If in ignorance and mistaken belief the debtor files for bankruptcy, Chapter 7 will exempt secured loans, which is what mortgages are, from discharge. That means that the debtor will still owe the mortgaged amounts, no relief, unless the debtor abandons the property. State laws can add to Federal bankruptcy law, but cannot supersede it, and, as we all know, state laws differ from state to state. So, a good, knowledgeable lawyer is essential. Some people “reaffirm” a mortgage loan in Chapter 7. Usually, this has no bearing. Secured loans are exempt from discharge, as stated above.
Experts and lawyers direct debtors in this situation into Chapter 13, where the court assigned trustee can negotiate and restructure the debt into something that is likely grudgingly acceptable by debtor and creditors alike. In Chapter 13, secured debt such as mortgage loans are subject to the negotiations to restructure the debt. Such negotiations will likely get the second mortgage lending company something more than what they would have gotten at a foreclosure, but maybe not as much as selling it to a collection agency. It does not matter to the debtor who is trusting to get a result that relieves the burden into something manageable.

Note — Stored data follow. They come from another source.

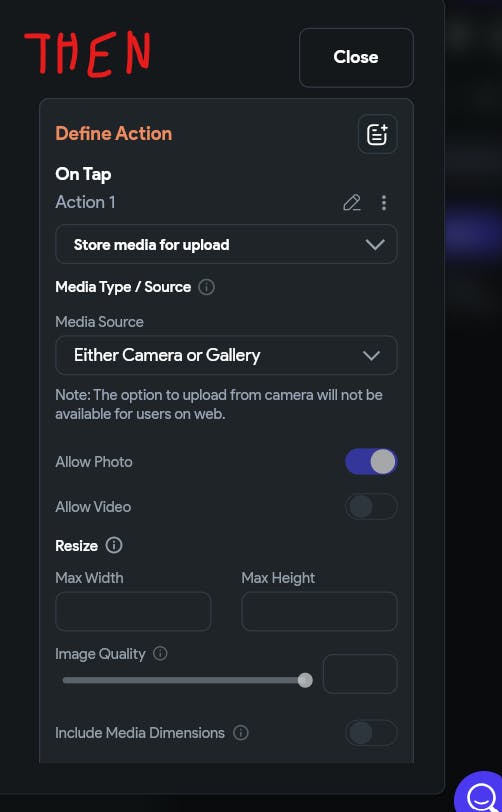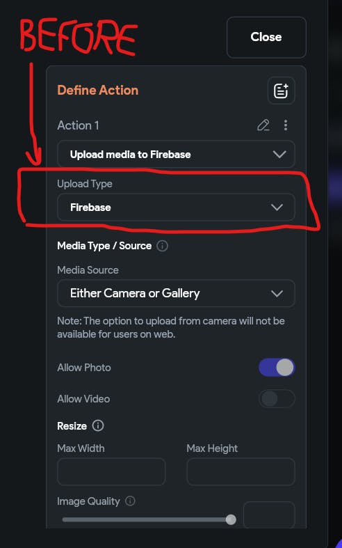 in 2022 project, i setup uploading image using (upload type option) which allows me to store the image locally then in action panel i can upload it to Firebase.
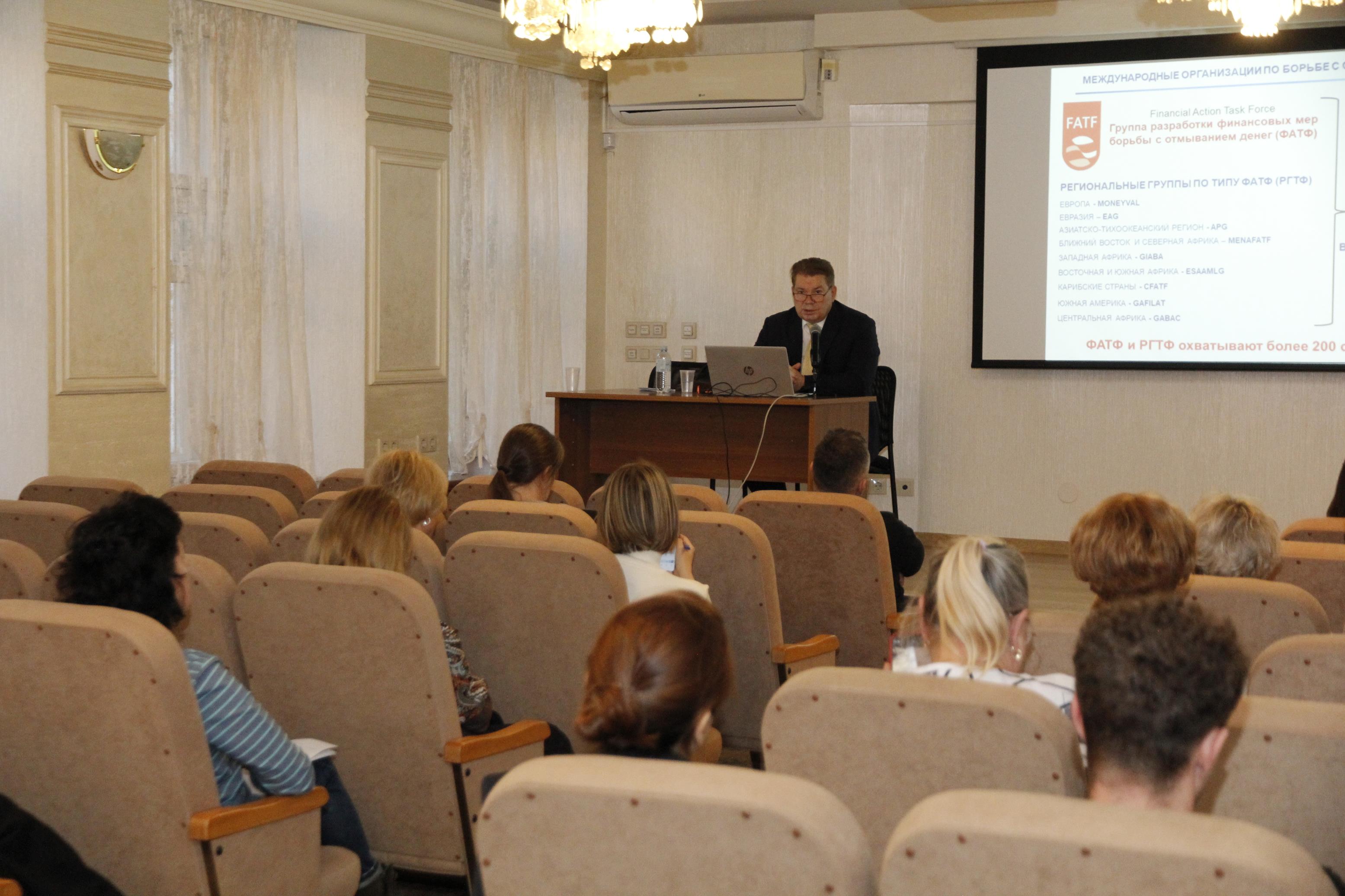 Организацией целевого инструктажа занимается комиссия МГНП по повышению профессиональной подготовки нотариусов. Дистанционный формат предусматривает просмотр видеолекции в Личном кабинете обучающегося на сайте АНО ДПО «Научно-методический Центр». Очное занятие провел заместитель руководителя Межрегионального управления Федеральной службы по финансовому мониторингу по Сибирскому федеральному Сергей Некрасов.
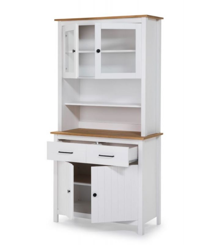puertas y cajones en la parte inferior, 2 estantes y 2 puertas superiores con cristal, ideal para utilizar de almacenaje. Está fabricada en
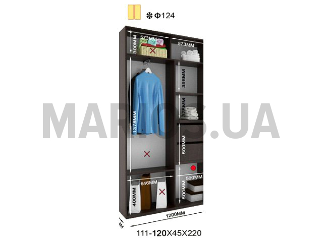 45.00см x 119.00см x 220.00см Характеристики шкафа Количество дверей2 двери Материал корпусаДСП 18мм, кромка ПВХ 0,5 и 2мм Оснащение6 полок, две двери (ДСП или зеркало), 1 отделения для тремпелей Форма шкафалинейный Двухдверный шкаф Фаворит Ф124 220В комплектацию модели входит: 6 полок, одно отделения для тремпелей и две двери с профилем Элит в цвете серебро. Двери шкафа могут быть выполнены из ДСП, зеркальные, комбинированные или же с вертикальными делениями. Дополнительно можно заказать бельевой отдел, радиус Ф 45, радиус Ф 60, полку, трубу, стойку. За дополнительную плату. Размеры шкафа: глубина/ширина/высота - 45/111-119/220.Цена указана за шкаф стандартного размера шириной 119 см и высотой 220см. Шкаф с нестандартной шириной от 107 до 118 оплачивается дополнительно. Также возможно изготовление шкафа высотой 250 см.Материалы, из которых изготовлен шкаф: Корпус: ДСП 18мм; Фасады: зеркальные или ДСП; Кромка: ПВХ 0.5 и 2мм; Зеркало: 4 мм; Штанга: микролифт металлический. Профиль: Элит или Квадратный. Цвет: серебро, золото светлое, бронза светлая, венге глянец. Раздвижная система: алюминиевая.
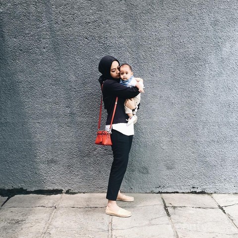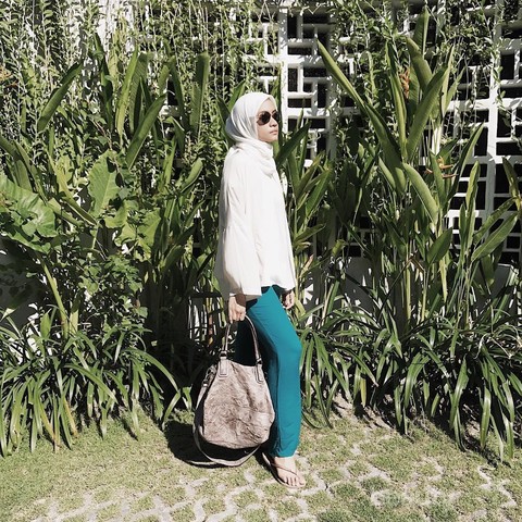Artis muda yang kini sudah memiliki satu orang anak ini memang dikenal dengan gayanya yang cenderung simpel namun tetatp terlihat stylish. Kali ini Ayudia tampil dengan gaya hijab kasual yang sangat santai yaitu hanya dengan memadupadankan kemeja putih dengan celana warna tosca serta flip flop. Ia kemudian menambahkan shoulder bag serta hijab warna putih sebagai pelengkapnya.
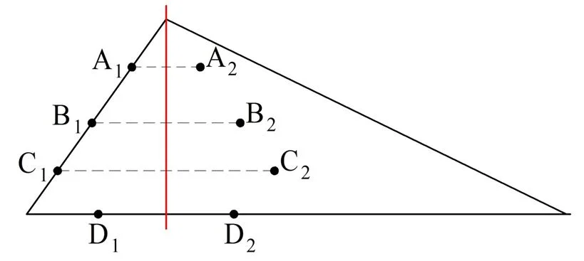 Например, если верхнее основание трапеции равно 6 см, то средняя часть нижнего основания также равна 6 см.
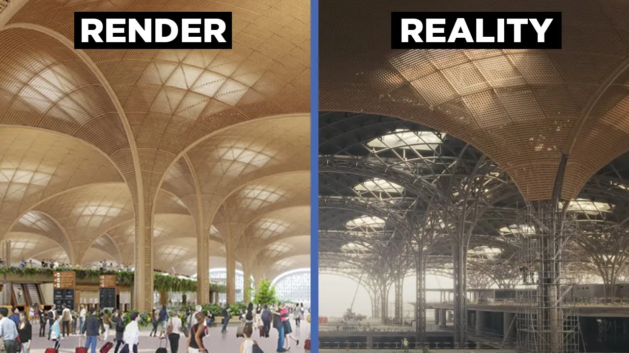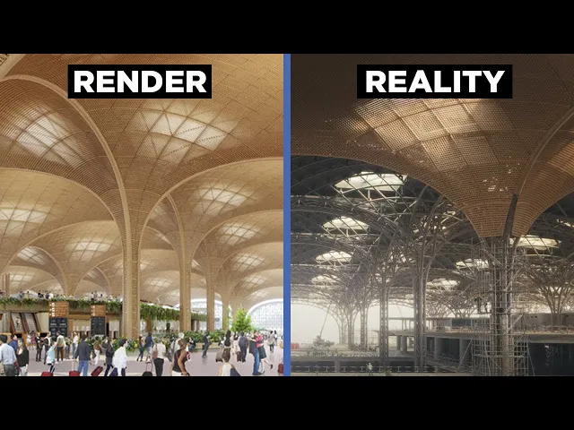 role in keeping the building cool as Plants release water vapor through their leaves in fact this airport has aimed to be one of the GRE greenest in the world it'll be run almost entirely on energy generated from on-site solar panels this massive open space is where all the passenger processing security and immigration and shops are going to be stretching out from the main building are peers where the terminals are going to sit they're a foil shaped like an enormous Boomerang or airplane wing so as to optimize walking distances construction works here are well on the
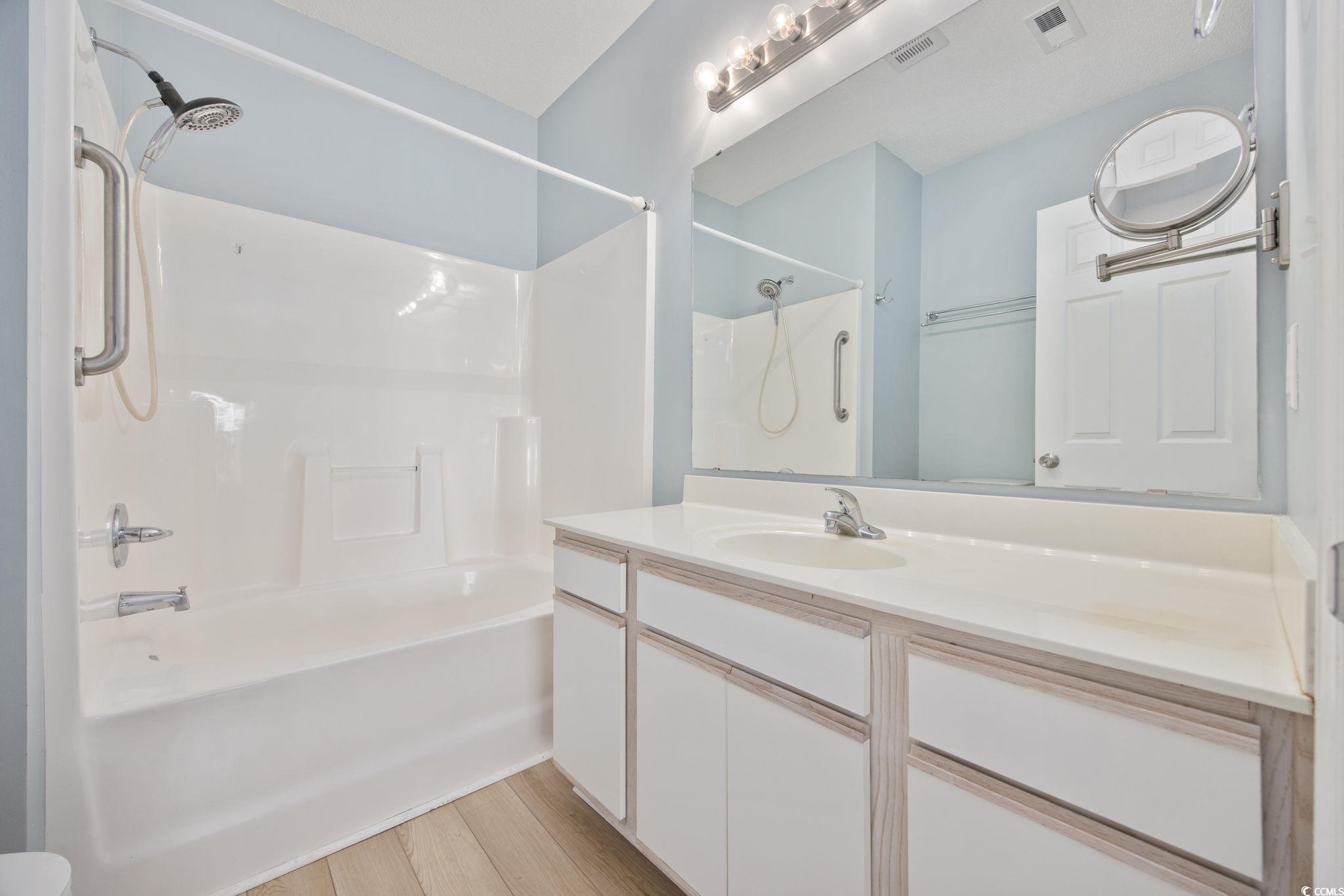 Move In Ready! First-floor! End-unit! Carolina Forest Condo living at its best! This bright, spacious, and meticulously cared-for 3BR/2BA condo in Windsor Green at Carolina Forest is looking for new owners. Offering an open layout with a smart split-bedroom design and a serene screened porch overlooking a peaceful pond, this home checks so many boxes. Attractive LVP flooring in the foyer leads to two well-sized guest bedrooms, each with ceiling fans. One features its own walk-in closet and LVP floors. The nearby full bath offers LVP flooring, a comfort-height toilet, and a tub/shower combination. The kitchen is filled with natural light and includes stainless steel appliances, granite countertops, pendant lighting, abundant cabinetry, and a breakfast bar. A separate laundry room sits just off the kitchen and comes complete with a full-size washer and dryer, plus a roomy storage rack. The living and dining areas sit between the guest rooms and the primary suite, and this end-unit’s extra windows, along with the double sliding doors, flood the space with sunlight. Both the living room and primary bedroom enjoy pond views and direct access to the screened porch. The primary suite also features a spacious walk-in closet and an ensuite bath with linen storage and a tub/shower combo. An additional outdoor storage closet is located on the front porch. Windsor Green offers an outdoor pool, playground, recreation center, and beautifully maintained grounds. This community is ideally situated near Tanger Outlets, local and national dining options, golf courses, and walking/biking paths along the boulevard. Just a short drive to the beach and MYR airport. Whether you’re seeking a coastal getaway, a primary home, or an investment opportunity, this condo is a standout. Book your private showing today! **Some photos virtually staged or digitally altered.**
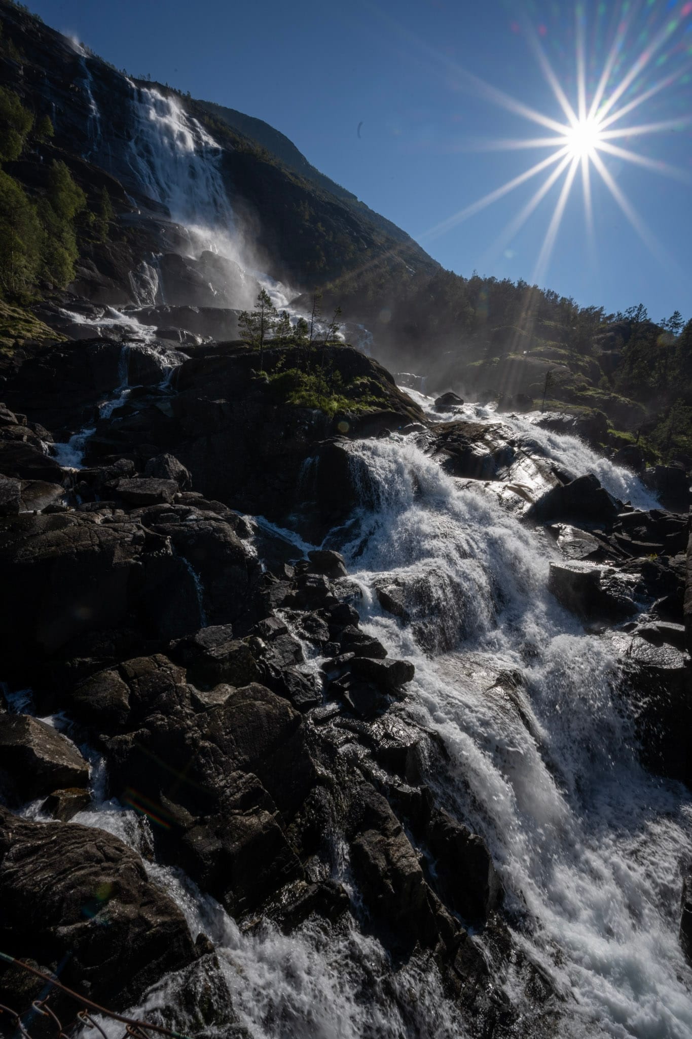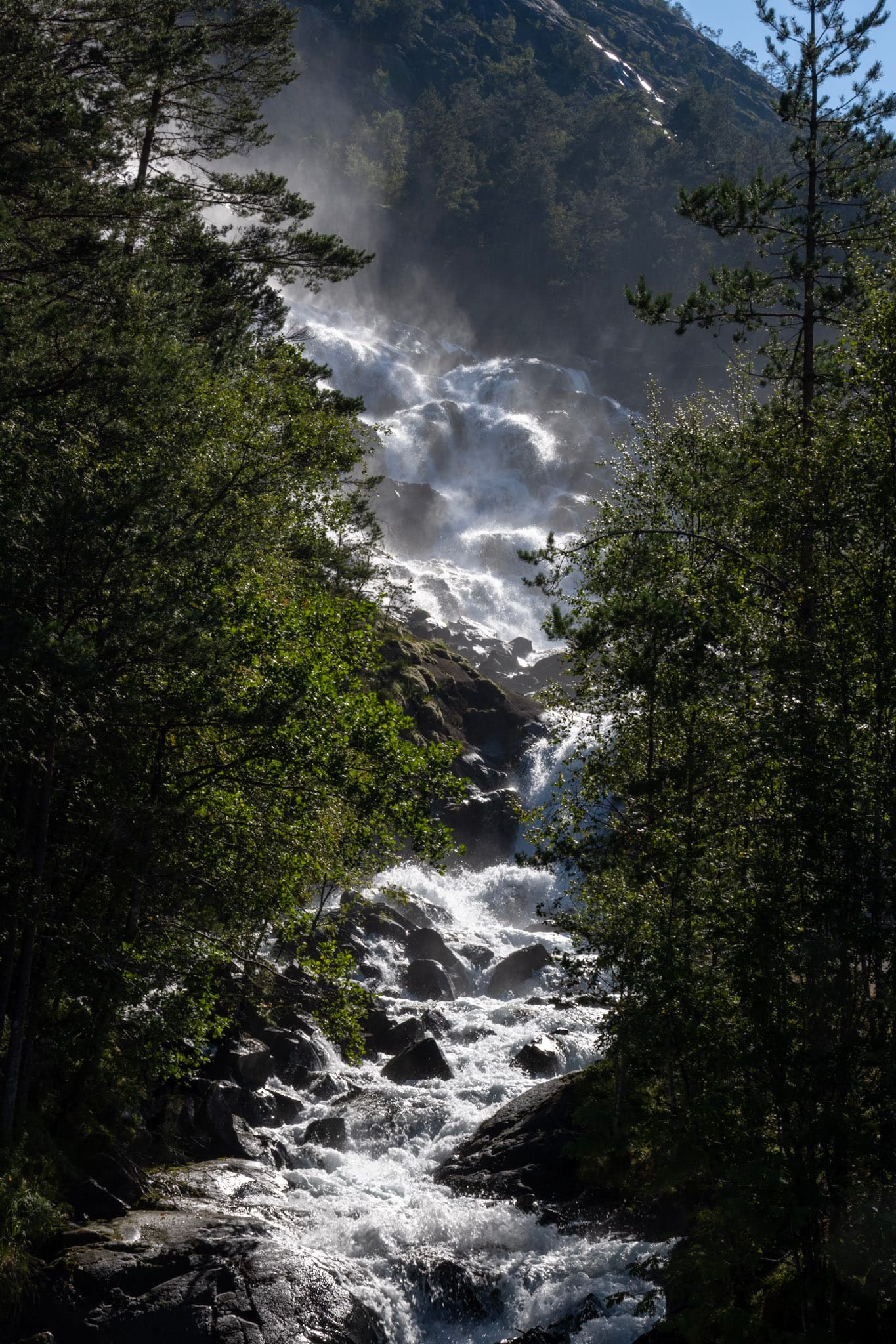 Kurz vor Etne verlassen wir einen Tunnel und wundern uns über die 50-Begrenzung, da passieren wir einen direkt neben der Straße zu Tal donnernden Wasserfall, den Langfossen. Wir halten an und bewundern von unten den sich in zahlreiche Kaskaden aufteilenden Strom. Man kann auch bis aufs Plateau wandern, aber dafür bleibt heute keine Zeit, nach einem Hot Dog an der Tankstelle in Etne geht es weiter zum Ziel. Über einen bewaldeten Pass fahren wir mit einem Zwischenstop beim Joker in Skarsmo über ein zunächst tief eingeschnittenes Flusstal im goldenen Nachmittagslicht Richtung Odda, ständig neue große und kleine Wasserfälle kommen vom Folgefonna auf unserer linken und der Hardangervidda auf der rechten Seite hinzu, bis das Tal sich etwas öffnet und der Fluss einen langgezogenen See bildet, den wir zunächst für einen Fjord halten; erst im Mittagslicht am folgenden Tag werden wir die verräterisch knallblaue Farbe des Gewässers sehen und auf der Karte feststellen, dass der Fjord erst hinter Odda beginnt.
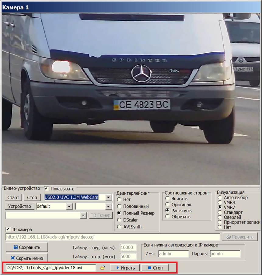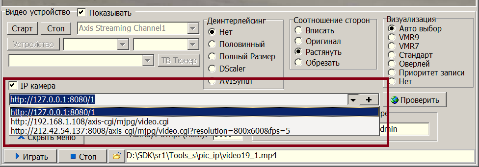 8.6 Появилась возможность использовать в демоверсии вместо реального сигнала с ip-камеры, видео файл, который можно проигрывать по кругу уже не в программе, а с помощью стандартного видеоплейера "VLC media player".

One activity that debtors seem to not try is to personally try to reach an agreeable settlement with this second mortgage company. Nothing ventured is nothing gained, as the saying goes. Experts agree to start somewhat low, say at 10 percent of what is owed. If, and when, an agreement is reached, get it in writing. You may want to have a lawyer review the agreement before you sign. Reaching an agreement leaves all bridges intact, in the (unlikely) event that you engage this same company later on.